Farida Abane, MD has a diverse work experience in the field of pharmacovigilance and drug safety. Farida is currently serving as the Senior Medical Director, Pharmacovigilance at Deciphera Pharmaceuticals since June 2022. Prior to this, they held the position of Medical Director, Pharmacovigilance at the same company from August 2020 to June 2022 and was an Associate Medical Director, Pharmacovigilance from June 2019 to August 2020.

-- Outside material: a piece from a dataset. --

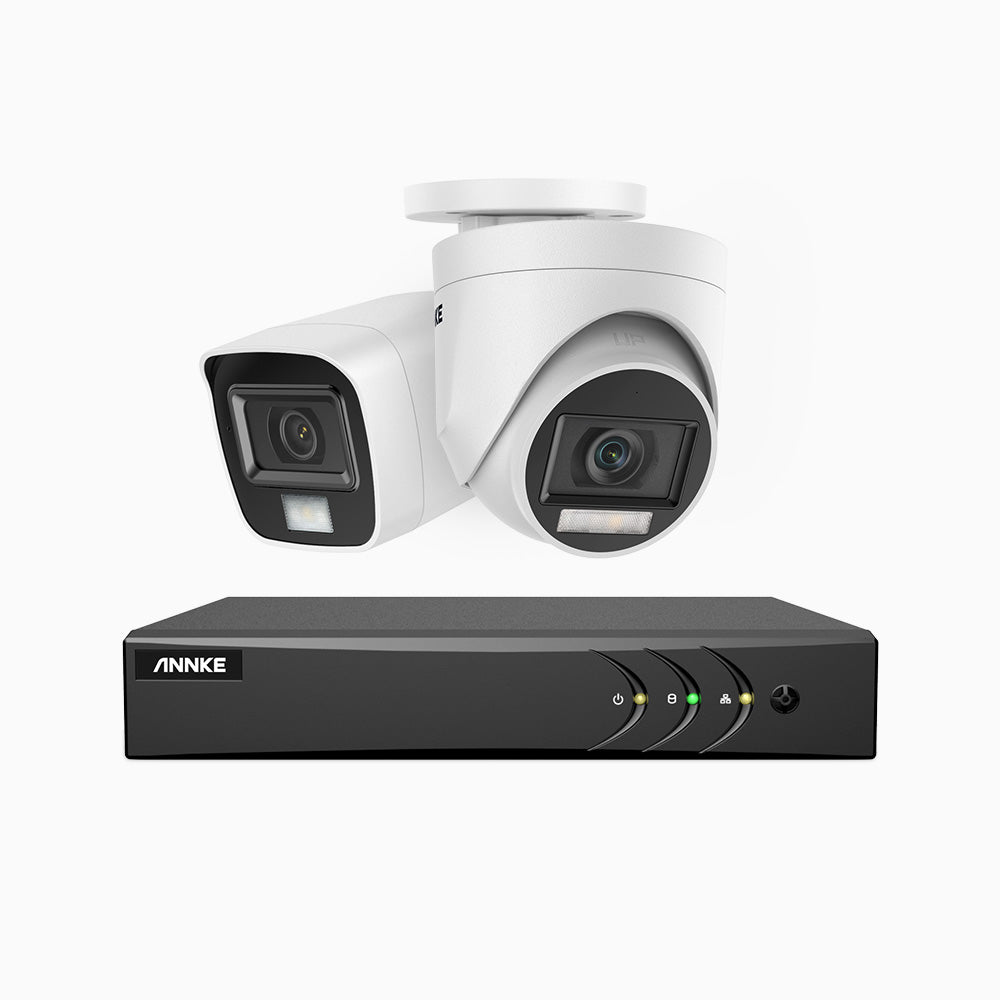 ADLK500 - Kit de vigilancia 3K con 1 cámaras bullet y 1 cámaras domo y grabador de 8 canales, Doble Luz Visión Nocturna, Apertura Superficial f/1.2, Señal de Salida 4 en 1, Micrófono Incorporado, IP67 Resistente al Clima

Before joining Deciphera, Farida worked as a Clinical Safety Reviewer at Cardiovascular Research Foundation from October 2017 to June 2019. In this role, they had responsibilities such as tracking adverse events, ensuring compliance with health authorities' requirements, and facilitating the safety reporting process.

Farida also has experience in Clinical Trial Management at Sollers from April 2017 to September 2017. Additionally, Farida worked as a Medical Review Physician at Hays from July 2014 to March 2016, where they performed medical reviews of adverse events and conducted signal detection activities.

Farida's earlier experiences include positions as a Medical Review Physician at Universal Pharma from September 2013 to June 2014, where they conducted medical reviews and prepared aggregate safety reports, and as a Drug Safety Officer at Stallergenes Greer from May 2008 to July 2013. In this role, they completed medical assessments and responded to various inquiries related to adverse drug reactions.

Farida'scareer in pharmacovigilance started with a Pharmacovigilance diploma at For Drug Consulting in March 2008.

Farida Abane, MD, has a Doctor of Medicine (MD) degree in General Medicine from Medical school (Algeria), which they completed from 1992 to 2000. Farida also holds a Medical Specialty Diploma in Gynaecology and Obstetrics, which they obtained from the same medical school from 2001 to 2006. In 2003 to 2004, they completed an Obstetrics and Gynecology Residency Program at the Mutualist Montsouris Institute in Paris, France. In 2008, they received a Pharmacovigilance Certification from FOR DRUG CONSULTING SCHOOL. In 2013, they completed a course on electronic submission of Individual Case Safety Reports (ICSRs) at EMA. Finally, in 2017, they obtained a Certificate in Clinical Trial Management from Sollers Institute in Edison, New Jersey, USA.